We are sincerely convinced that the digitization of consciousness is not only possible by means of modern technologies, but also extremely useful. Of course, it is impossible to copy a complete picture of consciousness, but it is possible to fix key parameters, and, perhaps, even more importantly, digital traces of consciousness. A reasonable question may arise - why do we need digital footprints? This will be answered by the next section - the quantum nature of consciousness.

The quantum nature of consciousness and quantum entanglement

It is the latest ideas about physics that indicate that we have in our heads not just a computer, but a quantum computer. And each electrical impulse, each - exists not only in our world, but also in countless parallel Universes. Information once born never disappears anywhere. And sooner or later, we will be able to learn how to extract it from this Universal Data Bank. But in order to extract the consciousnesses of creatures dear to us from this bank, we need a search request to this bank. And the key to this request will be the digital traces of consciousness that we have collected.

Cybernetic organism

We are firmly convinced that the future of science will first give rise to robotic completely artificial organisms, where consciousness can be uploaded from the outside, then cybernetic organisms as a combination of a machine and a living being, which will have all the most important properties of a living being, but have the power and strength of immortal machines.

From the point of view of faith
Philosophy of Russian cosmism (Fedorov, Tsiolkovsky)

He dreamed of resurrecting people, not wanting to come to terms with the death of even one person. With the help of science, he intended to collect scattered molecules and atoms in order to "fold them into the bodies of the fathers."

Fedorov gave science a place next to art and religion in the common cause of uniting mankind, including the dead, who should be reunited with the living in the future.

The essence of Orthodoxy lies in the duty of resurrection.

It is not for nothing that such an important place is occupied by problems related to overcoming illness and death and achieving immortality.

The conscious control of evolution, the highest ideal of the spiritualization of the world, is revealed by Fedorov in a consistent chain of tasks: this is the regulation of "meteoric", cosmic phenomena; the transformation of the spontaneously destructive course of natural forces into a consciously directed one; creation of a new type of organization of society - "psychocracy" based on filial, kindred consciousness; work on overcoming death, the transformation of the physical nature of man; the endless creativity of immortal life in the universe.

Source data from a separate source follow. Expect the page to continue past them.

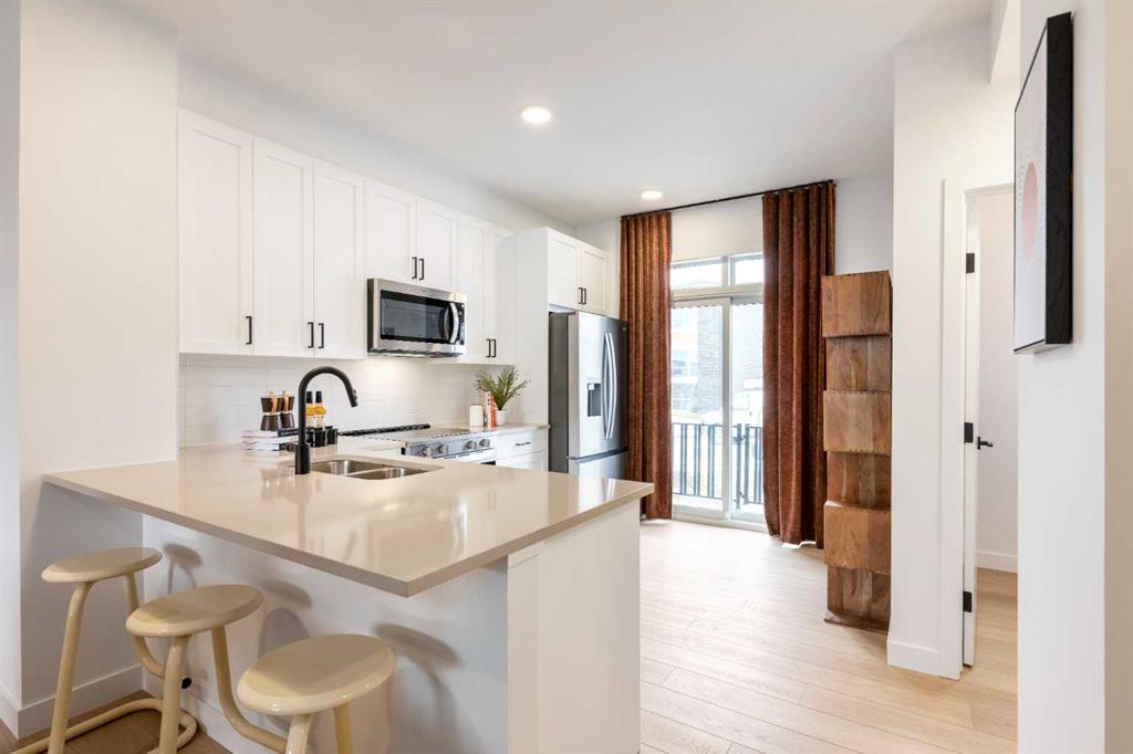ALPINE PARK IS ONE OF THOSE COMMUNITIES PEOPLE TALK ABOUT AFTER THEY’VE WALKED IT. Wide boulevards, architecture that actually has personality, and a growing village centre designed to bring daily life close to home. If you’ve been watching it take shape and waiting for the right opportunity to get in, this THREE-STOREY Jasmine model at 303, 437 Alpine Avenue SW deserves a closer look.
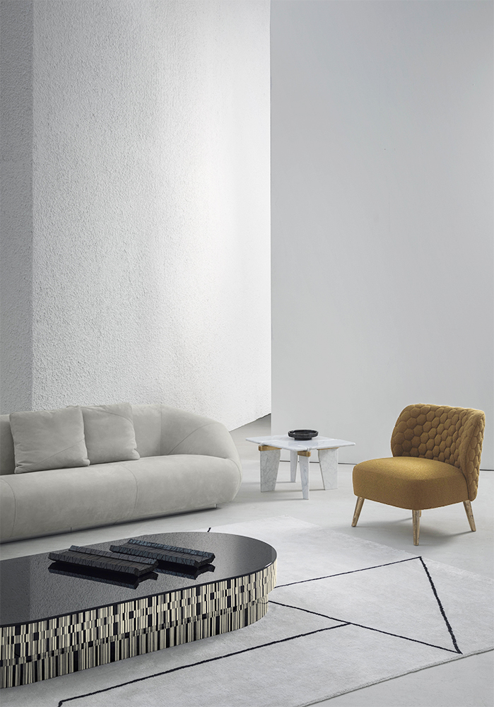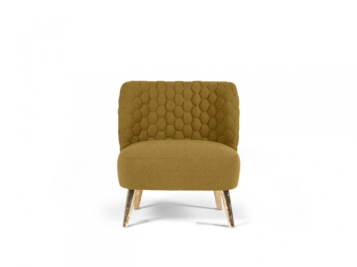 The enveloping and comfortable armchair Marilou can be upholstered only with selected textured fabrics. The backside is characterized by a quilting embroidered with hexagonal design. The bronze metal legs are realized with the ancient sand casting technique that conveys an artistic touch to the armchair.
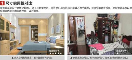 传统家具的尺寸是固定好的,对于小居室而言,往往会出现买回来的家具占用空间大,显得空间拥挤杂乱;而定制家具可以根据居室的大小的自由控制,省心得多。(上面是

To fulfill this grandiose goal, the Russian thinker calls for universal knowledge, experience and labor within the limits of the real world, real means and possibilities, with the sure premise that these limits will gradually expand, reaching what still seems unreal and wonderful.

If we return to Fedorov’s ideas, then the creativity of life itself, the “organic” progress to which he calls, this is the expansion of the intellect due to the awakened and developed resources of intuition, the conscious mastery of that “organ-creation” that is available to the “creating camp” of nature itself on levels of instinct. Such progress is driven by the dream of immortality, which in the writings of Fedorov has acquired achievable outlines: for the first time in history, a realistic path of experimental knowledge, transformation of the laws of nature, universal labor was proposed - the path leading to victory over death.

“Technical man” will be replaced by “man flying”: “a higher, i.e. solar, man will enlighten his body to the specific gravity of air ... “for this, he will work out his body into a tubular body, i.e. air, moreover, in ethereal, i.e., the lightest body.” As a result of a transformative action directed at one's own nature, a person will, as it were, throw off his current heavy bodily shell and turn into an immortal spiritual being.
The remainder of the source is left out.